比田井小葩(本名康子・1914〜1972)は、1948年に比田井南谷と結婚。
独特の抒情的な書風は、書壇でも注目を集めましたが、58歳で急逝しました。
「隊長、私(詩)的に書を語る」は、息子、比田井義信(1953年生まれ・私の弟です)が母を回想しながら、小葩の書を語ります。
比田井小葩オフィシャルサイトはこちら。
母(小葩)の残した写真が入った箱を整理していたら、不思議な色に変色した、かなり大判の二枚の印画が出てきました。
探しても現物が無いので、でもこのままを鑑賞するとなんだか魅力的だと思いませんか?
海ぬれて 沙丘の風に桃咲けり やすこかく
飯田蛇笏の雪峡に載っている句ですが、キャンバスにパレットナイフで粗く斜めの地模様をつけてから、沙丘、以外をかなで書くことで、なにげなく見た時に色々な風景や感情がやってくるような気がします。
桃咲けりをかなで書いたことにより、この暑い残暑の中ではなんだか地中海の丘の上の白い壁にでも書いてあるように、なんて、北風が吹いたような時期になったらまた鑑賞してみたいなと思います。
桃咲けりは春の季語なんですよね。
草枯れて 夕日にさはるものもなし やす
明治28年、冬枯草に載っている高浜虚子の句ですが、こちらも夕日、だけ漢字にして、くさかれを変体仮名にするなど、冬の句を強く意識させないような工夫があるのではないでしょうか。
キャンバスに古びたような風合いを期待したのか、少しだけ別の色を斜めに擦りつけた上に書いています。
ムラのうえに、力強い線を迷いなく書くことは、かなを綺麗な料紙に書いてでもいるかのように見事ですよね。
写真の裏に、shoha hidaiと鉛筆で書いてあるので、ドイツの展覧会に出品されたのかも、、今は暑い残暑の夕方なので、モロッコの夕日に見えちゃいます、、
父(南谷)は夏休みの間に一度くらい何日か葉山にやってきて、海では首につかまらせてもらって、沖の飛び込み台まで連れて行ってもらったりしていましたが、あるとき4人で車に乗って出かけたことがあり、海沿いの道の、長者ガ崎を超えたあたりで崖を眺めていた父のここだ!の声で、車を脇に止めさせると紙を持って、いつもの黒い長袖と黒いズボンに革靴のまま、崖を登って行ってしまいました。
小一時間もすると、巻いた紙を満足げに持った父が帰ってきましたが、何のことやら?でした。

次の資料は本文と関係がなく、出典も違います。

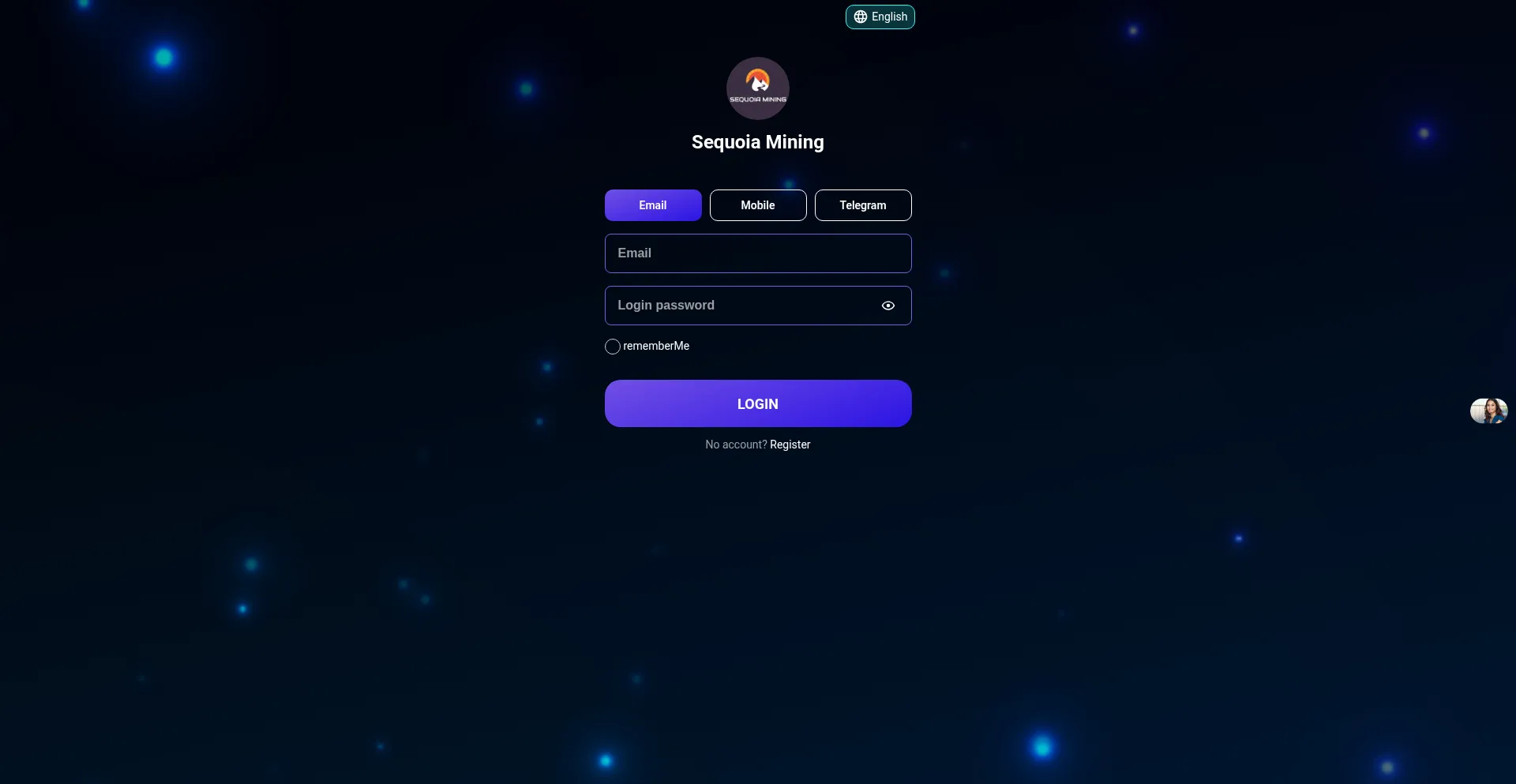 Registration Form, Mining Cryptocurrency, Web Application, Facebook Integration, Young Domain

夏休みが終わって、岩の拓本の上に作品を書いたのだということがわかって、そういえば本物の拓本に書いたのもあったねーだったのでした。
きっと本物には文字があって邪魔だったのでしょう。
そういえば出版物にスクリーンの網点が出るのがいやで、すごく細かい300線とか使ったり、砂目スクリーンなんかを使って絹の上に印刷したり、透明インクで模様を付けた表紙を使ったり、二人とも地に、並々ならぬこだわりがあったのですね。
今回は不思議な投稿です。
いろんな写真が放り込まれた箱の中にあったモノクロームの作品写真。
カラー写真も、ましてや作品そのものも見たことがありません。
バックに色が塗られているらしいのですが、どんな色かわかりません。
だからこそ生まれた、不思議なイメージ世界です。
そして、南谷は本当に拓本が好きでした。
書の歴史の大きな部分を占める拓本、そして美しい岩肌。
写真は、アメリカのボリナス海岸で拓本をとる南谷です。
南谷が蒐集した中国の書の拓本類の中に、「単なる拓本」と書かれた封筒があり、本当に文字のない単なる拓本が入っています。
これ、どーしろと言うのだろう。